Which gives us the perfect opportunity to dedicate the necessary time to the most troublesome news bit from the weekend. Reportedly, after Kobe crashed the party, what added most to Melo's hesitancy about moving to Jersey was discussions with former Nets who "warned" him about the Nets' dismal fanbase and poor placement on the New York-area sports totem.
Look. We're not going to dive into the details here, but trust us, these criticisms are unfounded. Yes, we know games at the Izod Center in recent years had the atmosphere of a child's wake; we were there. But things are clearly very different now, so no former Net has any idea what being a Prokhorov employee means.

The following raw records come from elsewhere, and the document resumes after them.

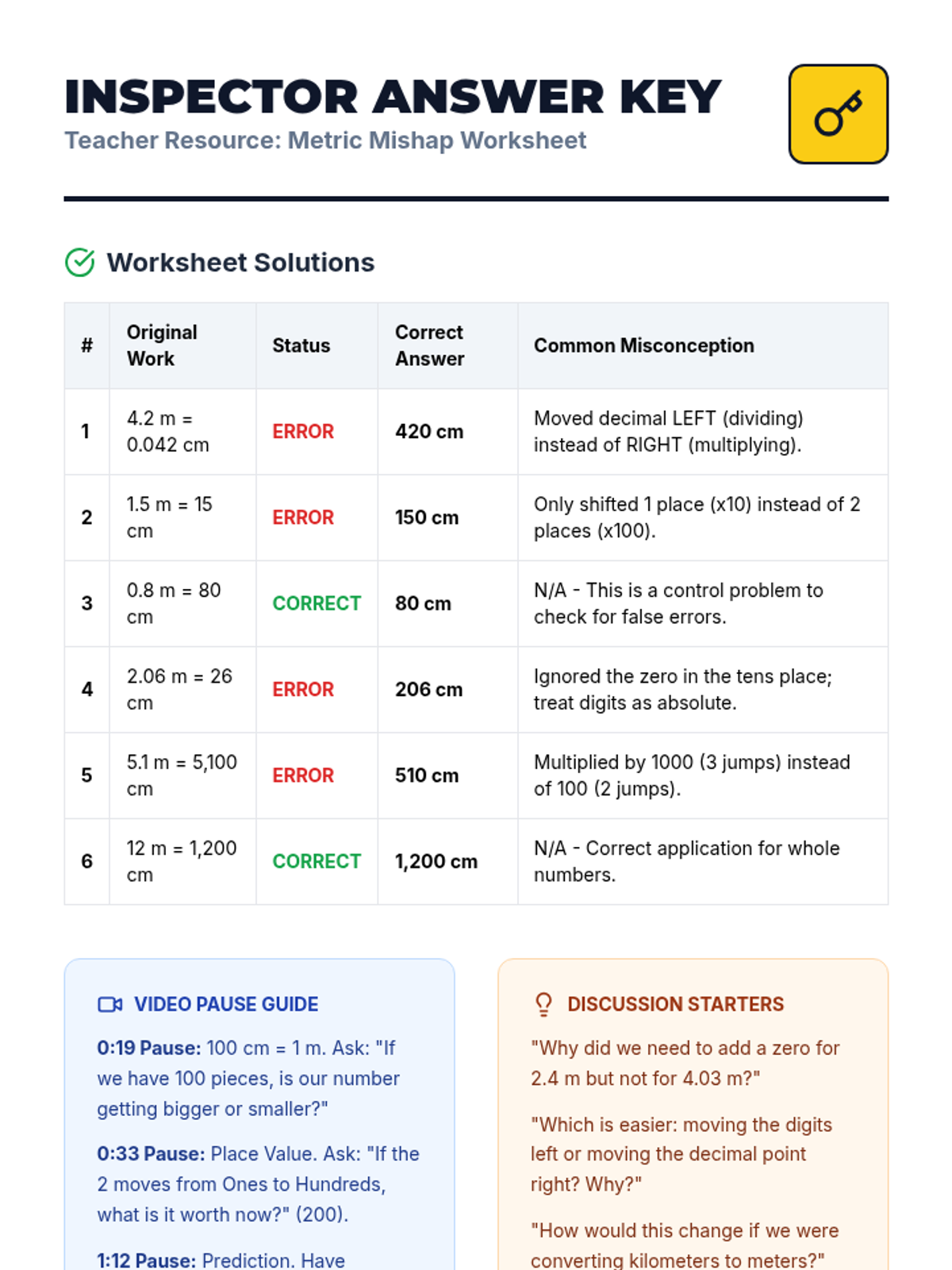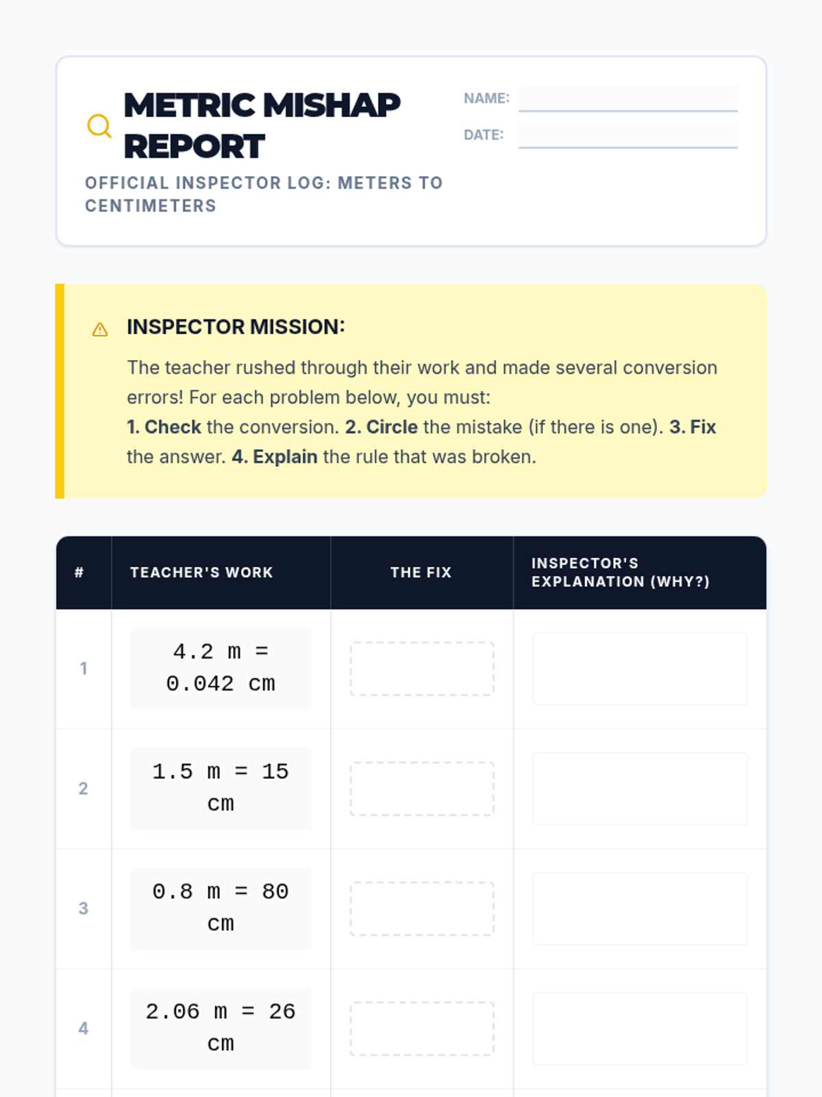 A 4th-grade lesson where students become 'Metric Inspectors' to identify and correct common errors in converting meters to centimeters using the 'Two Jump Rule'.
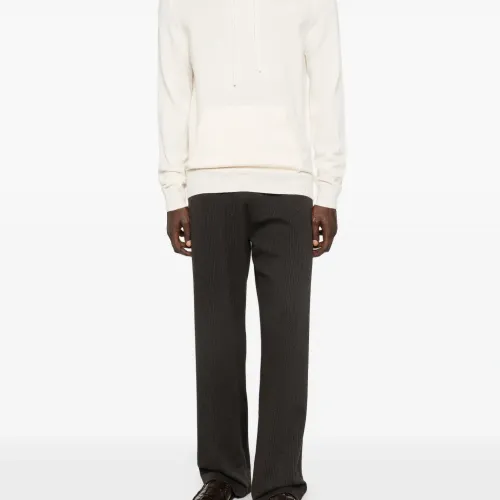 бежевое худи на кулиске с карманом-кенгуру и ребристой отделкой
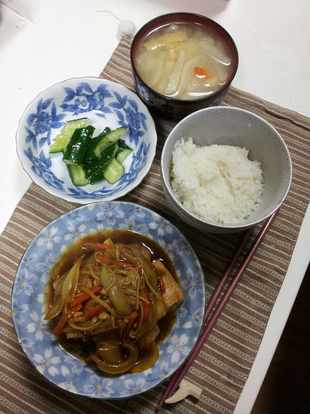 一応、できるだけ、主菜、副菜、汁ものの3品は作るようにしてる。
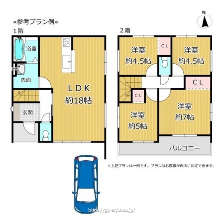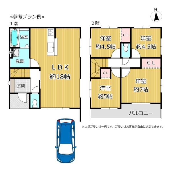 ※建築条件土地の情報内に掲載されている、建物プラン例は、土地購入者の設定プランの参考の一例であって、プランの採用可否は任意です。
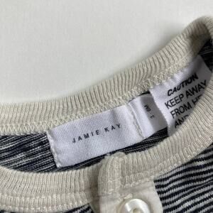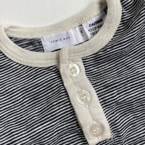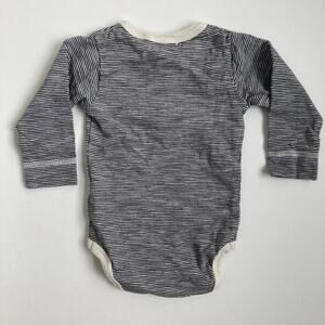 Long sleeved henley onesie with navy blue and cream micro stripes. Cream colored trim.
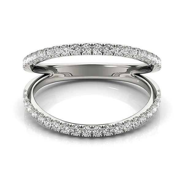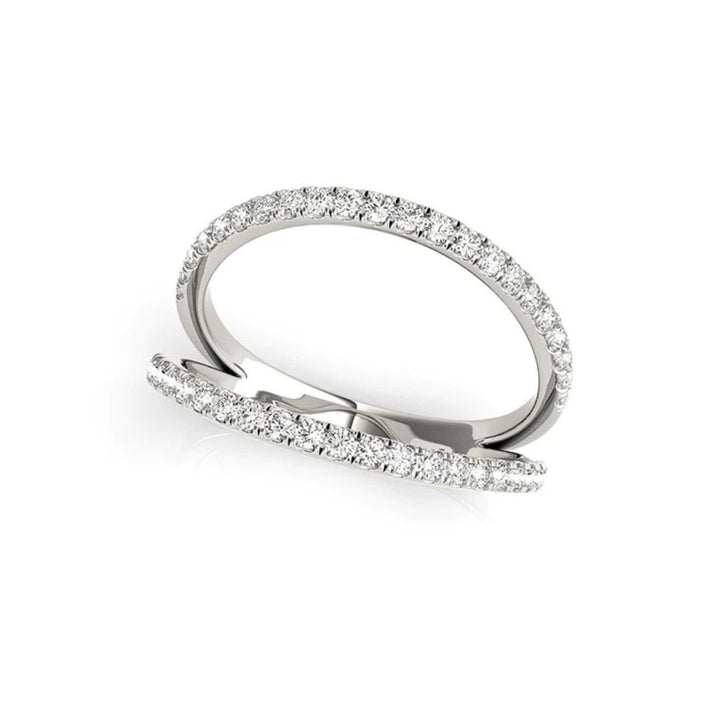 Utterly stunning in 14k white gold, this ring features pavé set diamonds. A delightful beauty with a fashionable dual-band design.
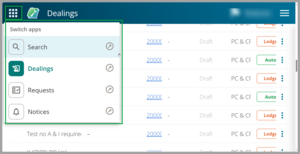 Use the app switcher to open multiple Landonline applications at once, such as Dealings and Web Search.

Any ex-Net badmouthing the team is simply an example of a disgruntled employee lobbing water balloons at a former boss for the hell of it. The same way you call that one restaurant that fired you for having a drink during your shift (when they never even knew for sure, and everyone there drinks on the clock anyway) "The Shitcake Factory." Even though they make pretty good spinach artichoke dip; they serve it with like... pita instead of tortilla chips, which just makes more sense.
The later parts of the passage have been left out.